Lo scenario cambia radicalmente se si guardano le regioni in fondo alla classifica. La Provincia autonoma di Bolzano crolla ancora una volta arrivano all’11,1%, un valore che non stupisce vista la recidiva e che la colloca nettamente come la peggiore realtà italiana. Poco sopra si trovano la Calabria, ferma al 13,7%, e la Sardegna al 15,1%. Il confronto con le aree più attive è impietoso: tra il dato massimo e quello minimo la distanza arriva a 11,5 punti percentuali, una forbice che mette in luce non solo la disomogeneità della risposta dei cittadini, ma soprattutto le differenze nelle politiche sanitarie locali e nella capacità di organizzare campagne di prevenzione efficaci.
I bambini sono più protetti degli adulti
Il quadro cambia se si guarda ai più piccoli. Tra i bambini di 5-8 anni la copertura vaccinale raggiunge il 29,1%, un livello quasi dieci punti sopra la media nazionale generale. È un risultato che non si spiega solo con la disponibilità dei vaccini, ma soprattutto con il ruolo della scuola come canale privilegiato di informazione e con il coinvolgimento diretto delle famiglie. Qui la prevenzione non passa più soltanto dagli studi medici, ma da un ecosistema che favorisce l’adesione collettiva.

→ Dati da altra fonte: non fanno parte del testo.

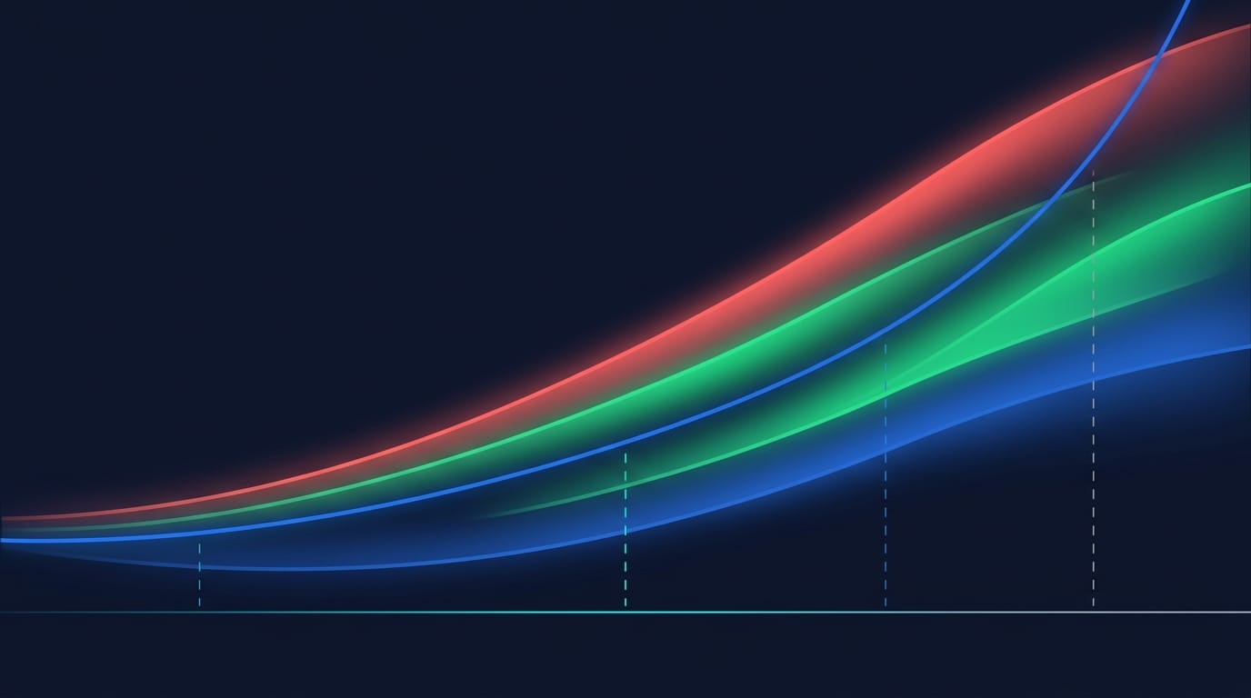 Swing Traders treat the rainbow chart as a macro frame and execute on RSI/MACD signals within that context. If the macro band is orange (overvalued) and RSI is approaching 75, the thesis for a short position is more compelling than if the band were yellow and RSI were at 55. The rainbow chart doesn't generate the trade signal - it confirms or challenges the trade context.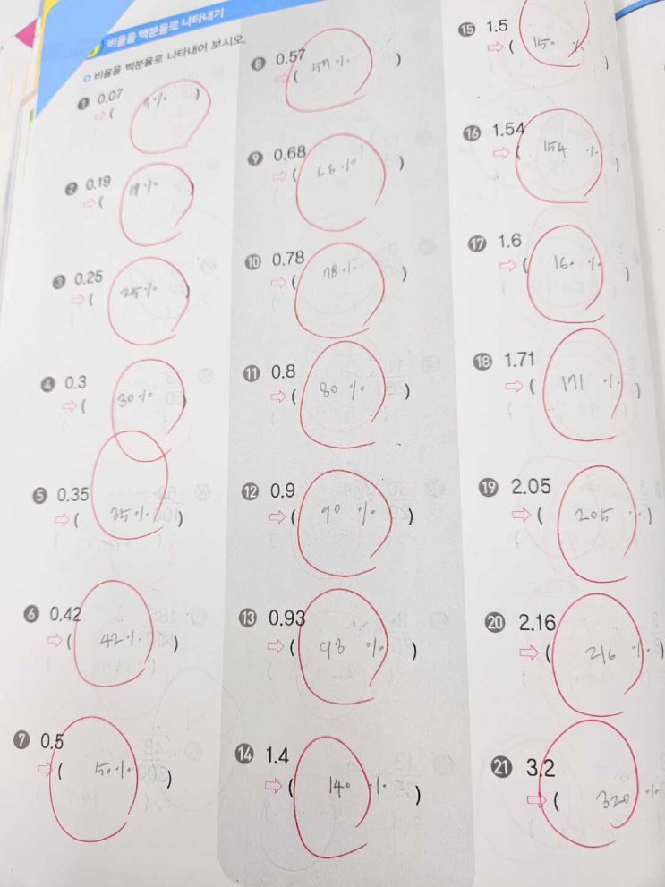(박*율) 초등6-1 수학리더 개념 + 개념플러스연산 라이트 4단원 비와비율 학습기록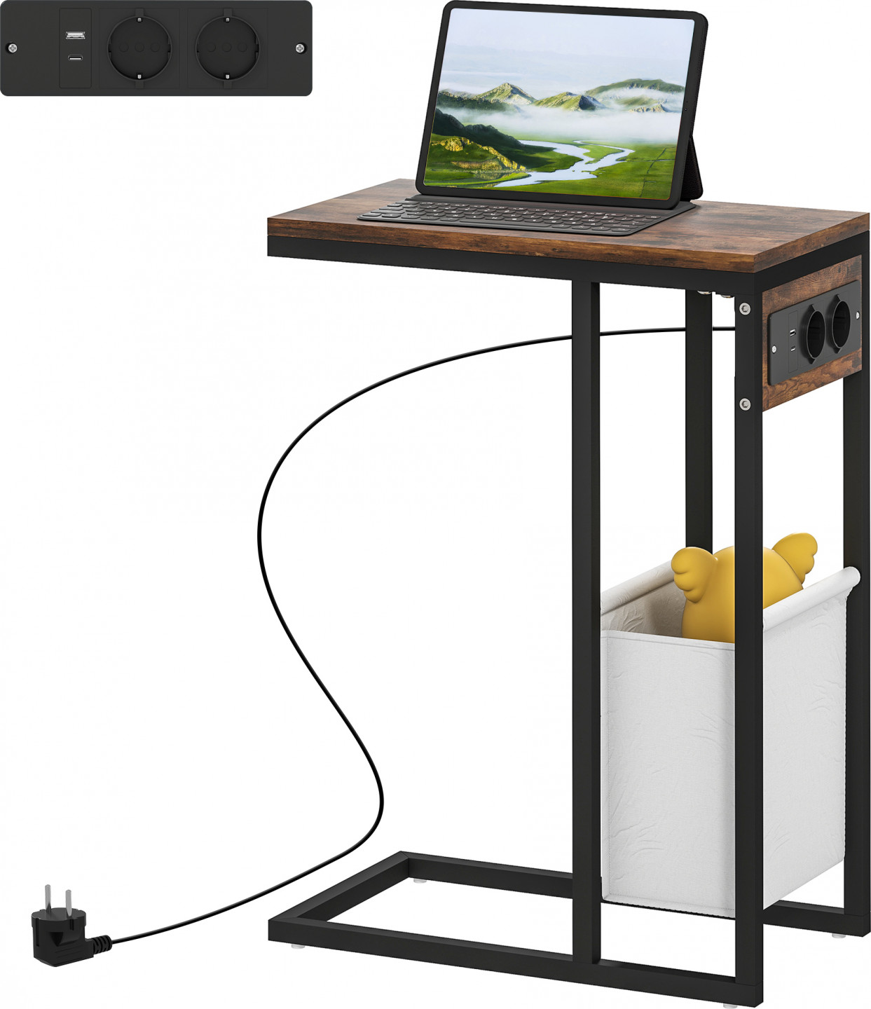 Vyzkoušejte pohodlí našeho postranního stolku se dvěma napájecími konektory, dvěma porty USB a portem USB-C. Jeho zaoblený design s tmavými dekory dřeva a černou ocelí vylepší každou místnost. Velkorysá deska stolku a elegantní látková kapsa pod ní z něj dělají stylový a užitečný doplněk, ať už jako noční stolek, doplňkový stolek nebo vedle pohovky.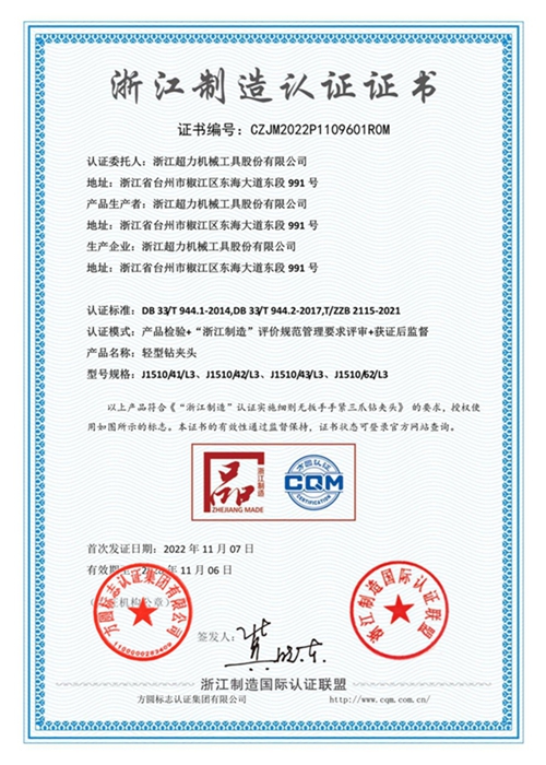 2022年10月10日,在經(jīng)過嚴格的產(chǎn)品檢驗、第三方審查等環(huán)節(jié),我公司正式獲得《浙江制造認證證書》,此證書是由浙江制造國際認證聯(lián)盟和方圓標志認證集團有限公司(CQM)聯(lián)合簽發(fā),這也意味著我們制造的輕型鉆夾頭成功通過了浙江制造業(yè)含金量最高的標準認證,獲得了“品字標”。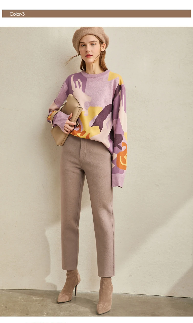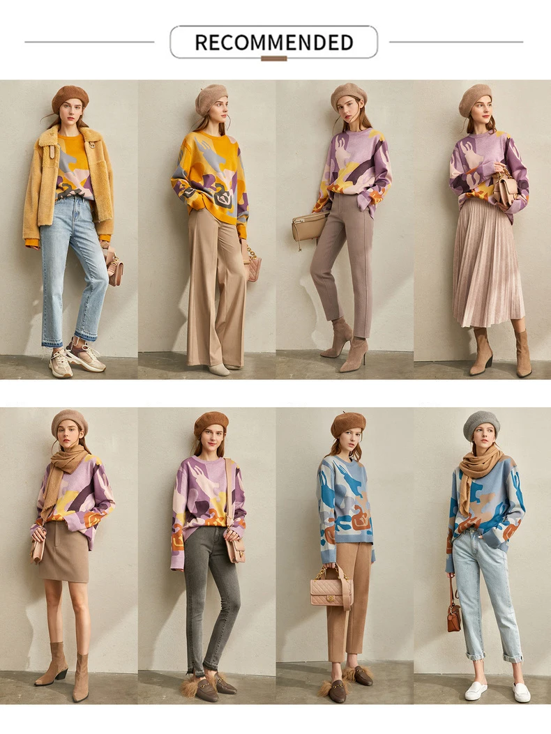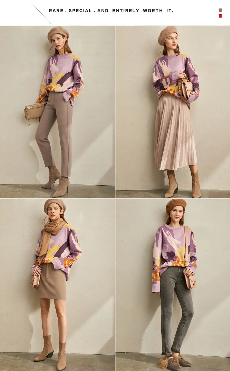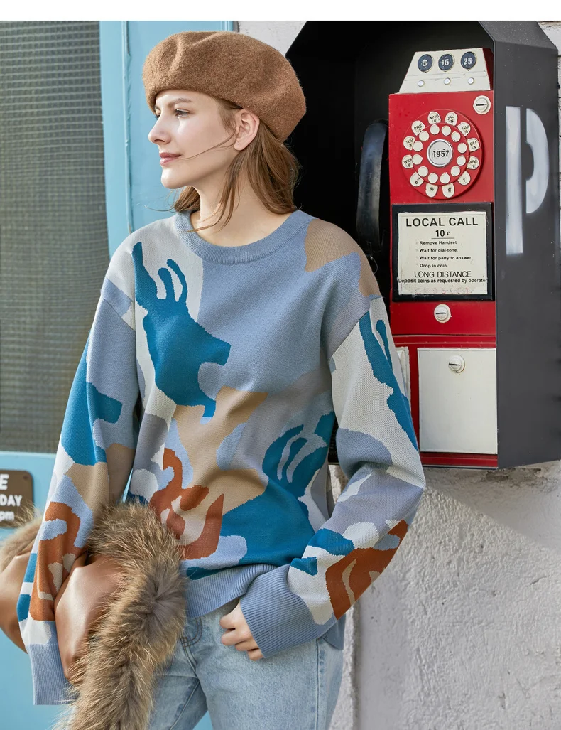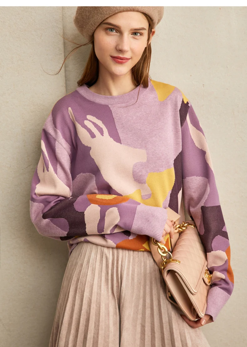 Женский свободный свитер Amii, контрастный шерстяной пуловер с круглым вырезом, 11970381

Il caso più emblematico è quello della Provincia autonoma di Trento, che con una copertura del 75,2% tra i bambini di 5-8 anni registra il dato più alto d’Italia. Un risultato che conferma l’efficacia di campagne capillari e ben mirate, capaci di coinvolgere scuole e famiglie in un vero lavoro di squadra. Trento si propone così come modello di prevenzione, in netto contrasto con la vicina Bolzano, dove l’autonomia non basta a evitare il risultato peggiore del Paese: due territori a statuto speciale, due facce opposte della stessa medaglia.
Adulti, il buco nero del vaccino antinfluenzale
Se gli anziani restano il target prioritario e i bambini mostrano segnali di crescita, gli adulti tra i 18 e i 64 anni rappresentano il vero buco nero della campagna vaccinale. In questa fascia la copertura oscilla tra appena il 4% e il 12%, valori che segnalano un’adesione minima e disomogenea sul territorio. Considerando che parliamo di oltre 34 milioni di persone in Italia, significa che decine di milioni di cittadini affrontano ogni stagione influenzale senza alcuna protezione.
L’impatto di questo segmento poco protetto è decisivo. Gli adulti costituiscono la quota più ampia della popolazione e, restando fuori dal circuito vaccinale, trascinano verso il basso la media nazionale, ferma come detto al 19,6%. In pratica, anche se bambini e anziani migliorassero le proprie percentuali, senza un incremento significativo tra i 18-64 anni l’Italia non riuscirebbe a colmare il divario con il livello pandemico del 23,7% e resterebbe lontanissima dagli obiettivi Oms.